Hi,
I have one IBM power8 server installed with Tesla P100 GPU.
The OS is rhels7.4 ppc64le GA
cat /etc/os-release
NAME=“Red Hat Enterprise Linux Server”
VERSION=“7.4 (Maipo)”
uname -r
3.10.0-693.el7.ppc64le
But, I can not enable both CUDA9.0 and CUDA9.2 on it.
rpm -aq |grep dkms
dkms-2.2.0.3-30.git.7c3e7c5.el7.noarch ==> I can only install successfully for cuda-9.0 with dkms-2.2.0. Other version like 2.5.0 or 2.6.6 have error like /var/lib/dkms/nvidia/384.81/build/common/inc/nv-mm.h: error get_user_pages
rpm -aq |grep cuda-driver
cuda-driver-dev-9-0-9.0.176-1.ppc64le
cuda-drivers-384.81-1.ppc64le ==> The driver is 384.81
But there is NVRM error in dmesg:
dmesg | grep NVRM
[ 2.801928] NVRM: loading NVIDIA UNIX ppc64le Kernel Module 384.81 Sat Sep 2 00:45:52 PDT 2017 (using threaded interrupts)
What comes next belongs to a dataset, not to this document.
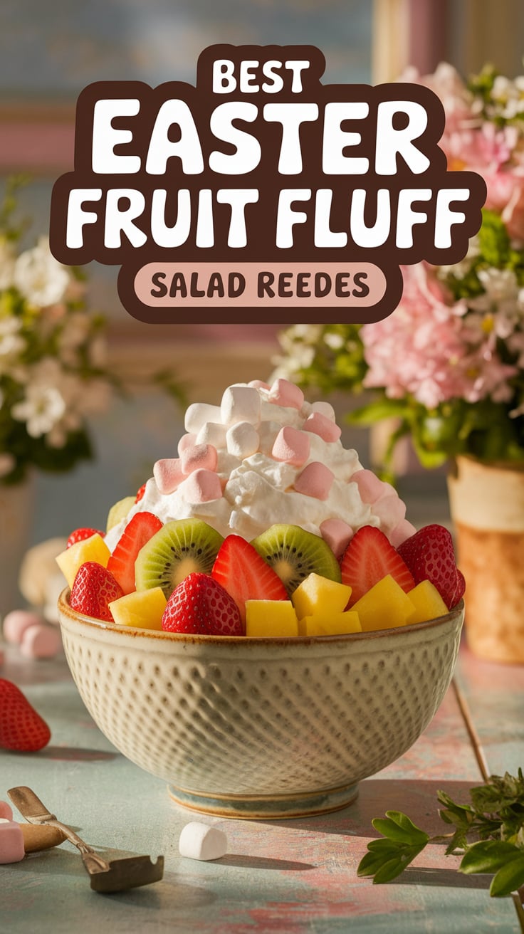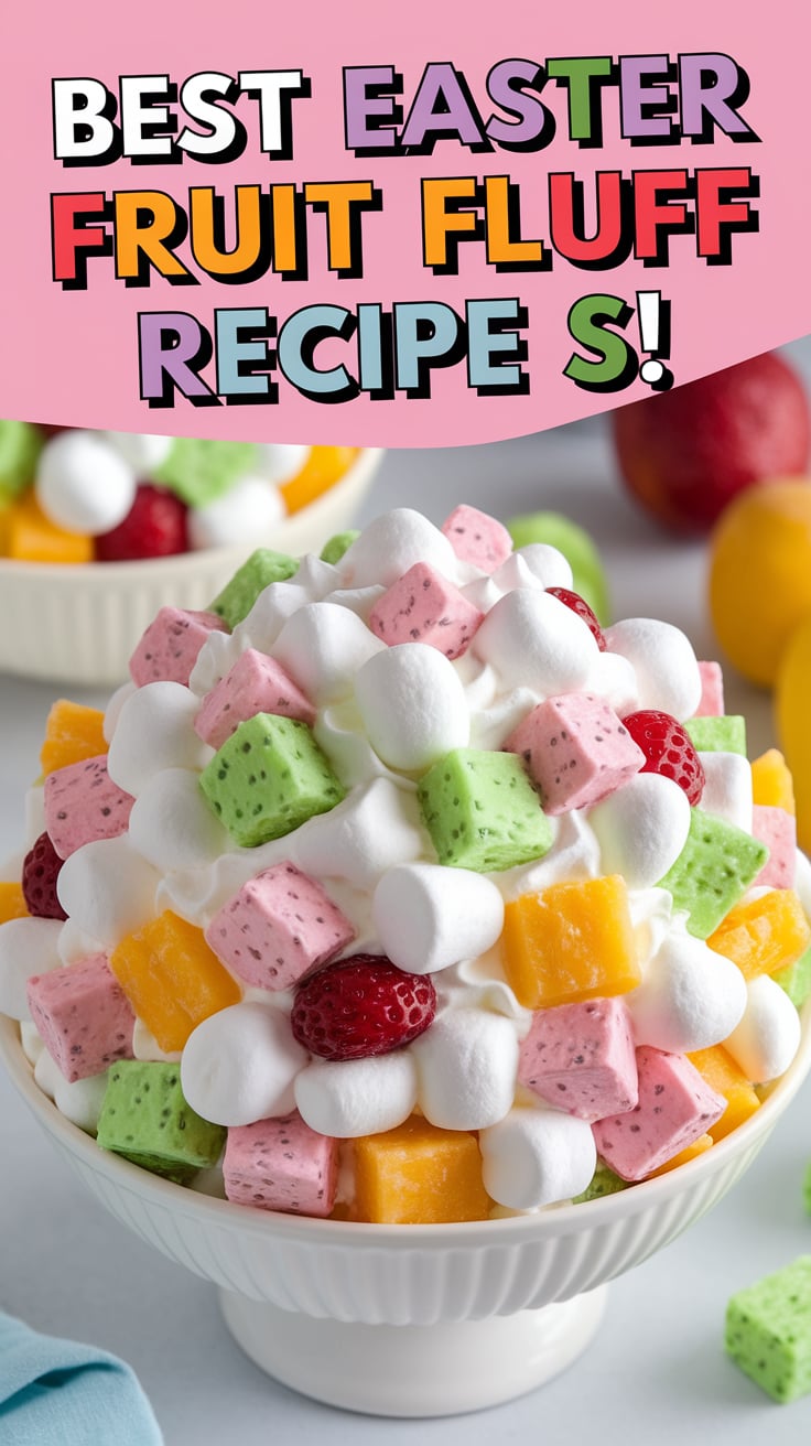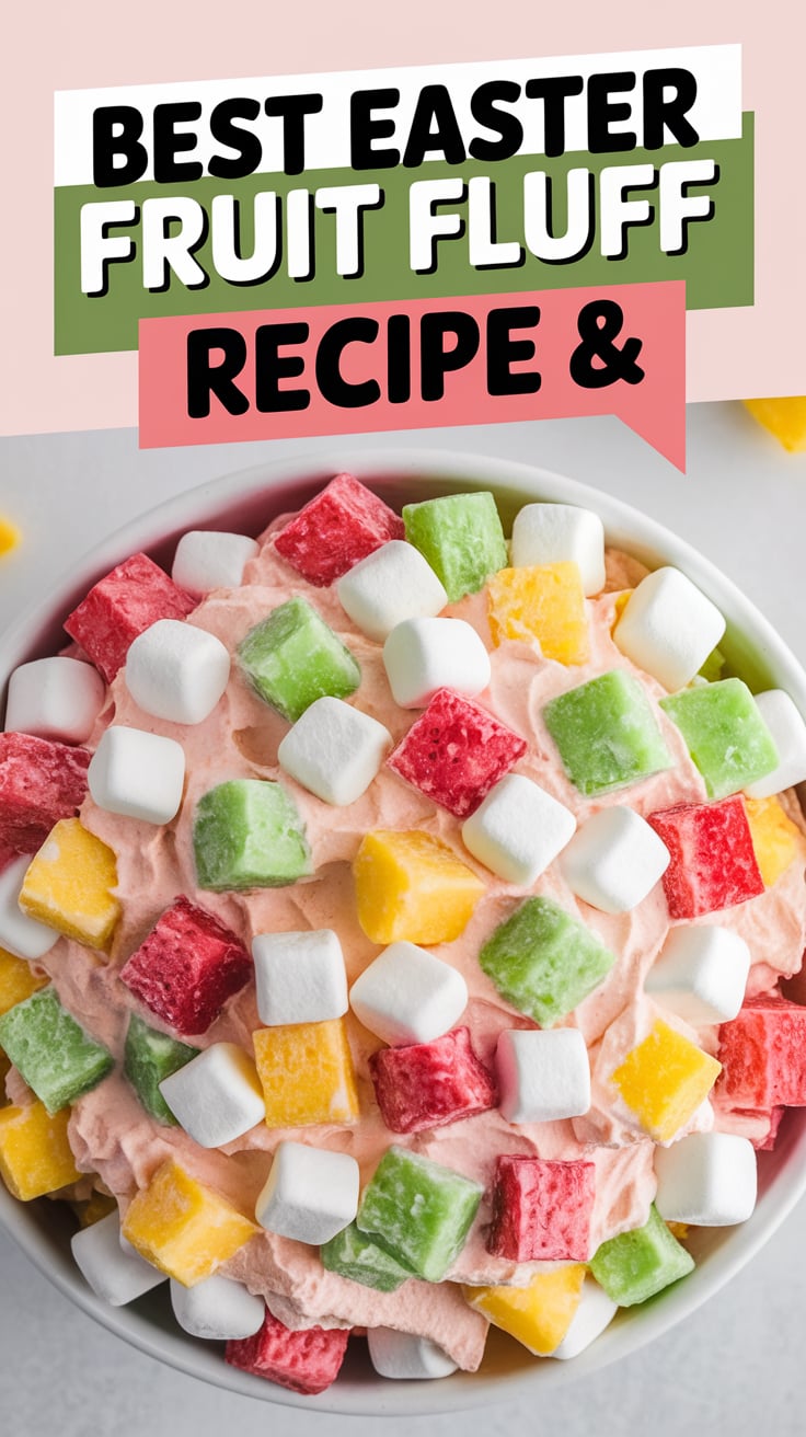 “Celebrate spring with this creamy, colorful Easter Fruit Fluff Salad — a quick 10-minute dessert made with marshmallows, whipped topping, and fruit. Perfect for family gatherings and Easter brunches! #EasterRecipes #FruitFluffSalad #DessertIdeas”

[ 65.466508] NVRM: RmInitAdapter failed! (0x25:0x5b:1080)
[ 65.466685] NVRM: rm_init_adapter failed for device bearing minor number 0
[ 65.824117] NVRM: RmInitAdapter failed! (0x25:0x5b:1080)
[ 65.824236] NVRM: rm_init_adapter failed for device bearing minor number 1
[ 66.217278] NVRM: RmInitAdapter failed! (0x25:0x5b:1080)
[ 66.217354] NVRM: rm_init_adapter failed for device bearing minor number 2
No GPU can be found
nvidia-smi -q
No devices were found
lspci |grep NVIDIA
0002:01:00.0 3D controller: NVIDIA Corporation Device 15fe (rev a1)
0003:01:00.0 3D controller: NVIDIA Corporation Device 15fe (rev a1)
0006:01:00.0 3D controller: NVIDIA Corporation Device 15fe (rev a1)
Is there any tips what I can do next? Thx a lot!